Threading (was: bipartite modular multiplication)
Marc Glisse
marc.glisse at normalesup.org
Thu Apr 30 13:27:50 CEST 2009
On Wed, 29 Apr 2009, Niels Möller wrote:
> When
> getting into the divide-and-conquer range, that seems harder (and
> I think threading at this level is not going to get into gmp).

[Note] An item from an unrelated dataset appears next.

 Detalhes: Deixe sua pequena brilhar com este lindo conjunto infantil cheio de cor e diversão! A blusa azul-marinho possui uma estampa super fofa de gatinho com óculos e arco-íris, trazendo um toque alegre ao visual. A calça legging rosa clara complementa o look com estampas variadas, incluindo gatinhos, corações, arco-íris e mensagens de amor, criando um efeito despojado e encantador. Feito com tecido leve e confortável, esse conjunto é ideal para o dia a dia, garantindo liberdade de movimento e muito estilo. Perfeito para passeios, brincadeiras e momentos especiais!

Just out of curiosity, I looked at what happens when one tries some
trivial threading inside gmp, for a regular multiplication (so completely
unrelated to this discussion, actually). In mul_fft.c:
@@ -956,9 +967,17 @@
nl, ml, pl2, pl3, k2));
ASSERT_ALWAYS(pl3 <= pl);
- mpn_mul_fft (op, pl3, n, nl, m, ml, k3); /* mu */
pad_op = __GMP_ALLOCATE_FUNC_LIMBS (pl2);
+#pragma omp parallel
+{
+#pragma omp sections
+{
+#pragma omp section
+ mpn_mul_fft (op, pl3, n, nl, m, ml, k3); /* mu */
+#pragma omp section
mpn_mul_fft (pad_op, pl2, n, nl, m, ml, k2); /* lambda */
+}
+}
cc = mpn_sub_n (pad_op, pad_op, op, pl2); /* lambda - low(mu) */
/* 0 <= cc <= 1 */
l = pl3 - pl2; /* l = pl2 / 2 since pl3 = 3/2 * pl2 */
I am definitely not an openmp expert and I am not familiar with any MPN
code, I hope I still wrote something correct (it passes the testsuite, but
the testsuite was not written with this kind of abuse in mind).

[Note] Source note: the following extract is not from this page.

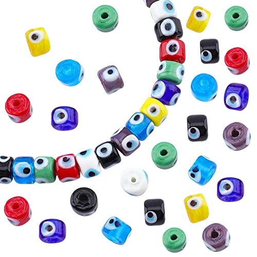 NBEADS Circa 53pz Colonna Perline Evil Eye, 8×6mm Fatti A Mano Perline di Murano Distanziatore Blu Malocchio Pendenti per La Creazione di Gioielli Fai da Te, Colore Misto

Notice how discrete the pragmas are. When they are ignored (normal mode),
the code is the same as the current one. If I now compile gmp with
-fopenmp, the runtime of a multiplication between integers of 10^6 limbs
is reduced by 20 to 30% when I enable a second thread.
There are other places (in fft, in toom, but also in higher levels like
mpq) where similar things are possible, but with just a dual-core laptop
it did not make sense to push too far. The FFT code is only used for large
numbers, but in other places it would make sense to only allow parallelism
above some threshold, like (untested):
#pragma omp parallel if(nl>5000)
Now this was just a quick experiment for myself, to check my understanding
of openmp and gmp, I am in no way implying that the choice to concentrate
gmp on a single-threaded implementation is wrong, as it indeed seems
better to do several multiplications in parallel rather than parallelize
the implementation of a single multiplication.